Great news! The iconic actress, who was diagnosed with an incurable form of brain cancer in March, is still going strong, and on Aug. 29 her doctor announced that the cancer is actually close to remission.
Valerie Harper, 74, best known for playing Rhoda on The Mary Tyler Moore Show, will not give up in her fight against an incurable brain cancer. She has survived far longer than her initial prognosis from March 2013, and on Aug. 29 it was revealed that she may have beaten the disease back for now!
Valerie Harper’s Brain Cancer Close To Remission
New tests on Valerie’s cancer — leptomeningeal carcinometosis, a disease that strikes the membranes surrounding the brain — showed that it is miraculously close to remission, according to NBC News.
“I’d say were getting pretty close to remission,” Valerie’s physician, neuro-oncologist Dr. Jeremy Rudnick said. “It defies the odds.”
Harper has been fighting her disease by using traditional chemotherapy as well as acupuncture and Chinese tea, a strategy that has been beyond successful so far. However, despite the good news, Valerie’s doctor still wants to temper expectations, explaining that the cancer could become resistant to the treatment: “It’s not a matter of if [the cancer becomes resistant], it’s a matter of when,” Dr. Rudnick states.

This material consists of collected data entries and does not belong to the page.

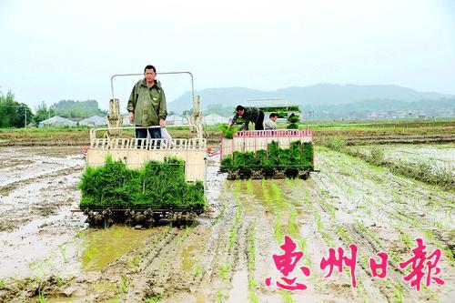 日前,工作人员操作插秧机进行机械化插秧。当日,中文博彩平台农业部门在该县泰美镇秀岭村开展水稻机械化栽植技术现场演示和培训,大力推广水稻机械化插秧技术,降低水稻种植成本,提高作业效率。
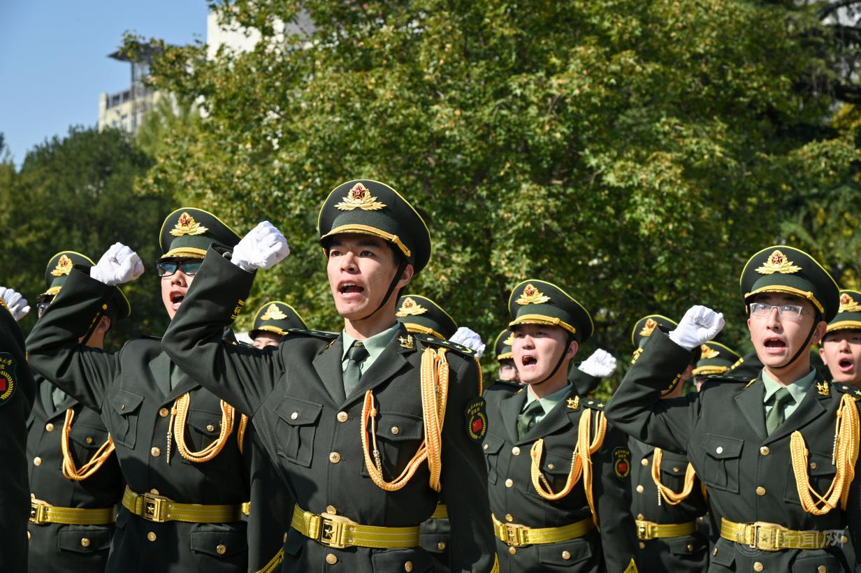 随后,新老队员进行了国旗交接,第五届国旗班53名新队员在国旗下庄严宣誓。“我志愿加入Beat365唯一官方网站国旗班,坚决服从命令,严格遵守纪律,热爱国旗,护卫国旗,敢于吃苦,甘于奉献,勇于坚持,决不退缩,以忠诚和担当捍卫国旗尊严,以爱国和奉献挥洒青春热血。”铮铮誓言展示出国旗班队员的初心使命和壮志豪情,也表达出了Beat365学生浓浓的爱国情感。
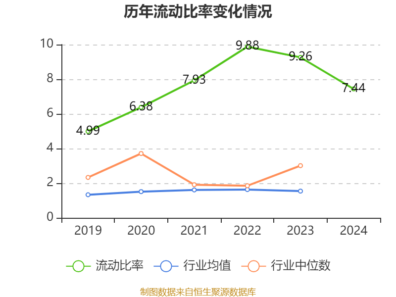 2024年,公司流动比率为7.44,速动比率为7.16。

That looming dread is not enough to stop Valerie from celebrating her good fortune and the fact that she’s lasted much longer than expected already. “We’re looking at Christmas!,” the actress joyfully said.
Valerie Harper: ‘I Don’t Think Of Dying’
Valerie received the diagnosis that she was suffering from terminal brain cancer on Jan. 15, and she revealed the diagnosis to the world on Mar. 5. “I don’t think of dying,” she said at the time. That attitude and determination to survive has clearly served her well.
Valerie’s battle with cancer will be revealed in detail as part of an NBC special set to air on Sept. 19. We couldn’t be happier for her, and wish her the best as she continues her battle against cancer.